2.13. Belanghebbende is door de inspecteur, bij zijn brief van 19 februari 2007, uitgenodigd om zijn bezwaarschrift mondeling toe te lichten. In zijn brief van 1 maart 2007 heeft belanghebbende aan de inspecteur laten weten dat voor hem een mondelinge toelichting op het bezwaar geen zin heeft zo lang de inspecteur geen antwoorden geeft op vragen die hij aan de inspecteur heeft gesteld. Deze vragen hebben betrekking op de wijze van het berekenen van de navorderingsaanslag. De inspecteur heeft bij uitspraken op bezwaar van 13 maart 2007 de navorderingsaanslag en de boete gehandhaafd.
3.1. In geschil is het volgende:
I Heeft de inspecteur bij het opleggen van de navorderingsaanslag en boetebeschikking in strijd met het motiverings- en/of het zorgvuldigheidsbeginsel gehandeld?
II Is sprake van een nieuw feit zoals bedoeld in artikel 16, eerste lid, van de Algemene wet inzake rijksbelastingen (hierna: de AWR)?
III Heeft belanghebbende de vereiste aangifte, zoals bedoeld in artikel 27e, onderdeel a, van de AWR gedaan?
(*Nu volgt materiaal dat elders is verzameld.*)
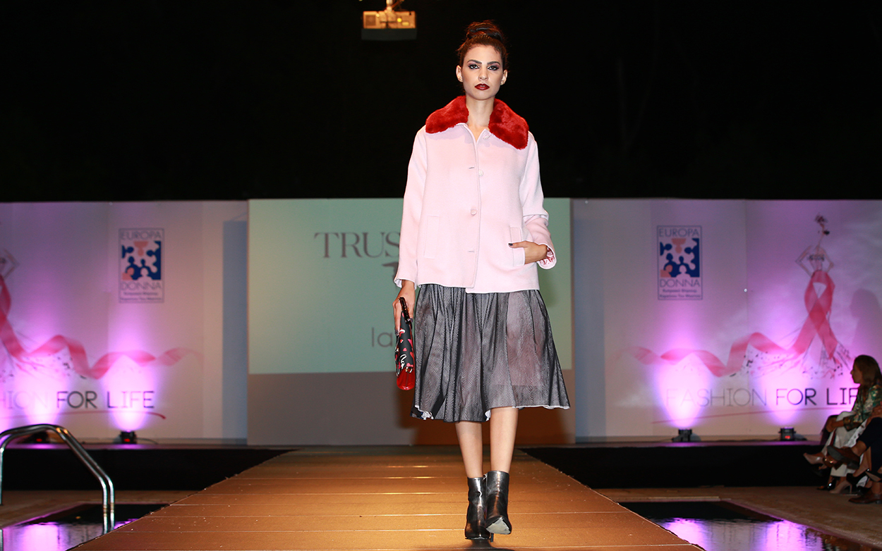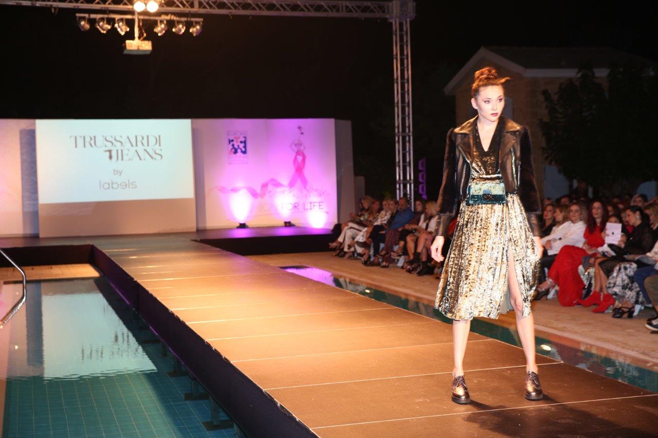 Και καταγράψαμε όλα όσα ενδιαφέροντα points δεν θα είχατε την ευκαιρία να παρακολουθήσετε – έστω κι αν βρισκόσασταν στο front row. Οι make up artists της ομάδας των Beauty Line είχαν αναλάβει δράση και δημιουργούσαν το μοναδικό look που είχε σχεδιαστεί εκ των προτέρων. Οι κομμωτές της L’Oreal είχαν το δικό τους έργο να επιτελέσουν, ετοιμάζοντας συνολικά το hair look των 18 μοντέλων που λάμβαναν μέρος στο show. Τελικά, γύρω στις 6,30 το απόγευμα όλες τους ήταν έτοιμες, και «μετακόμισαν» πίσω από την σκηνή για να αρχίσουν τη διαδικασία της προετοιμασίας τους για το catwalk. Από την προηγούμενη, η στυλίστρια Χριστιάνα Χατζηκυριάκου είχε κάνει την προεργασία της, και συνέβαλε με τη δική της εμπειρία για να επιλεγούν τα πιο εντυπωσιακά outfits της μπουτίκ Labels που θα λάμβανε μέρος στην επίδειξη. Βέβαια, εκείνη την ώρα, ο αναβρασμός που επικρατούσε στα παρασκήνια ήταν οργιώδης. Μικρολεπτομέρειες που δημιουργούσαν άγχος και οι δείκτες του ρολογιού έτρεχαν… Παρόλα αυτά, όταν ήρθε η στιγμή της έναρξης, όλοι ήταν on time. Πάντως, η ιδιοκτήτρια της Labels boutique, η Μαριλένα Ιερομονάχου, είχε την ευκαιρία να συναντήσει τον πρέσβη της Ιταλίας, τον Mr. Andrea Cavallari και τη σύζυγό του Katerina, μια και φιλοξενούσαν στο σπίτι τους το φιλανθρωπικό fashion show. Αξίζει να σημειώσουμε ότι η Ιταλία είναι άμεσα συνδεδεμένη με την Europa Donna, καθώς ο μη κερδοσκοπικός οργανισμός ιδρύθηκε το 2000 από έναν ιταλό γιατρό στο Μιλάνο, και από τότε αριθμεί 47 χώρες μέλη, με τις οποίες μοιράζεται κοινούς στόχους γνώσεις και δράση. Πάντως, όταν έφθασε η σειρά του Trussardi Jeans, που αντιπροσωπεύεται από τη Labels boutique, τα εννέα καλλίγραμμα μοντέλα είχαν την τύχη να φορέσουν το αυθεντικό στιλ της ιταλικής ultra chic και παιχνιδιάρικης pop μόδας του φθινοπώρου. Και εννοείται, όλοι ανέμεναν ότι η Labels boutique θα παρουσίαζε ένα από τα πιο κομψά κομμάτια της επίδειξης. Και το τελικό αποτέλεσμα της συλλογής Trussardi Jeans που υπογράφει η creative director Gaia Trussardi, ήταν πραγματικά πολύ εντυπωσιακό.

IV Heeft belanghebbende aangetoond dat de aanslag tot een te hoog bedrag is vastgesteld?
V Heeft de inspecteur de aanslag opgelegd op grond van een redelijke schatting?
VI Heeft de inspecteur terecht en tot een juist bedrag een boete opgelegd?
Belanghebbende beantwoordt de vragen I, III en IV bevestigend en de overige vragen ontkennend. De inspecteur beantwoordt deze vragen in tegengestelde zin.
3.2. Partijen doen hun standpunten steunen op de gronden die daartoe door hen zijn aangevoerd in de van hen afkomstige stukken. Voor hetgeen partijen ter zitting daaraan hebben toegevoegd wordt verwezen naar het proces-verbaal van de zitting, waarvan een afschrift aan deze uitspraak is gehecht.
3.3. Belanghebbende concludeert tot gegrondverklaring van het beroep, vernietiging van de uitspraken op bezwaar en vernietiging van de navorderingsaanslag en de boetebeschikking.
De inspecteur concludeert tot gegrondverklaring van het beroep en tot vernietiging van de uitspraken op bezwaar, vermindering van de navorderingsaanslag tot een berekend naar een belastbaar inkomen uit werk en woning van € 39.946 en vermindering van de boete, naar de rechtbank begrijpt, evenredig aan de vermindering van de winstcorrectie.
4. Beoordeling van het geschil
I Zorgvuldigheidsbeginsel
4.1. Belanghebbende heeft in het beroepschrift gesteld dat het beginsel van hoor en wederhoor is geschonden. Ter zitting heeft hij desgevraagd verklaard dat de grief met name ziet op schending van het motiverings- en zorgvuldigheidsbeginsel door de inspecteur bij het opleggen van de navorderingsaanslag. De Hoge Raad heeft in zijn arrest van 28 oktober 1992 met nummer 27.958, onder andere gepubliceerd in BNB 1993/36 het volgende overwogen:
“De opvatting evenwel dat een onzorgvuldige vaststelling van een aanslag onder omstandigheden tot nietigheid daarvan moet leiden, kan evenwel niet als juist worden aanvaard, aangezien de mogelijk uit die onzorgvuldigheid ten nadele van de belastingplichtige voortvloeiende onjuistheden in bezwaar of beroep kunnen worden hersteld.”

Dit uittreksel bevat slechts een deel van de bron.